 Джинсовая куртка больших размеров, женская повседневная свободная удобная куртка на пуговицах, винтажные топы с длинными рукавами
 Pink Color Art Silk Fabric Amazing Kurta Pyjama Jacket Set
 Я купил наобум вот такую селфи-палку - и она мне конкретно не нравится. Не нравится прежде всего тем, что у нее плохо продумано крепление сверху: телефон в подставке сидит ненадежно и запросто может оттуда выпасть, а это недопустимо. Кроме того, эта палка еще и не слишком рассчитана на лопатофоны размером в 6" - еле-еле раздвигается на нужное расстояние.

* * *

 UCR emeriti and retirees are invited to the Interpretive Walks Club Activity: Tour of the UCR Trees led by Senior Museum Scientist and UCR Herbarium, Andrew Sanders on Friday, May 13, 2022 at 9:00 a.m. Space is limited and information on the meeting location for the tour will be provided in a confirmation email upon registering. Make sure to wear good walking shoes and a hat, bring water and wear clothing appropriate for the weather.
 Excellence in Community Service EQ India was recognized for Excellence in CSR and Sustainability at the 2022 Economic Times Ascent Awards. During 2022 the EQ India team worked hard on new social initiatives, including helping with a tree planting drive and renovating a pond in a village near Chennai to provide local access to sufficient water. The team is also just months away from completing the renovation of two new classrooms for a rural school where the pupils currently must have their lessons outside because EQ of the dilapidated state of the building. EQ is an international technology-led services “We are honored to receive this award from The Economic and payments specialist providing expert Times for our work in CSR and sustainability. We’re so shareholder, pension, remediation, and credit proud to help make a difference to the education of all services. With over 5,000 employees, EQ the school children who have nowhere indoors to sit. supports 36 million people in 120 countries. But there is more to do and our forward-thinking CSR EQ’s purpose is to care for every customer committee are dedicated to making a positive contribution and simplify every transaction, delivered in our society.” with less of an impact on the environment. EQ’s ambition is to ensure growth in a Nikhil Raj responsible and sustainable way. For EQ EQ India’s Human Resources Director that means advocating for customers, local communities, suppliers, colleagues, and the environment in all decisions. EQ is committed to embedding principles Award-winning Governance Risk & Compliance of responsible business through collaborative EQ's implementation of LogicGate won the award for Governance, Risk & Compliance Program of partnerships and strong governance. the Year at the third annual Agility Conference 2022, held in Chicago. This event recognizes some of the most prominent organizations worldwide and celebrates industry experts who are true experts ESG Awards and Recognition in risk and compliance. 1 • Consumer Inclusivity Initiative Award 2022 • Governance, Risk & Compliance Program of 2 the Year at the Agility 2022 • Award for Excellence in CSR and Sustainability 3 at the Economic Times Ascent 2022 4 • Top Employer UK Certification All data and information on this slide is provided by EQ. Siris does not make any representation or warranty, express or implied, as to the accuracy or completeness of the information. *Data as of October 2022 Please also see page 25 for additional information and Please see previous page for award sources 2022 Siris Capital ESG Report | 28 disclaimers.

ASSIGNMENT:
What is asked for is an exact copy of the lines above from the one containing "Джинсовая куртка больших" through the one containing "Pink Color Art", and only those.

WRITTEN ANSWER:
 Джинсовая куртка больших размеров, женская повседневная свободная удобная куртка на пуговицах, винтажные топы с длинными рукавами
 Pink Color Art Silk Fabric Amazing Kurta Pyjama Jacket Set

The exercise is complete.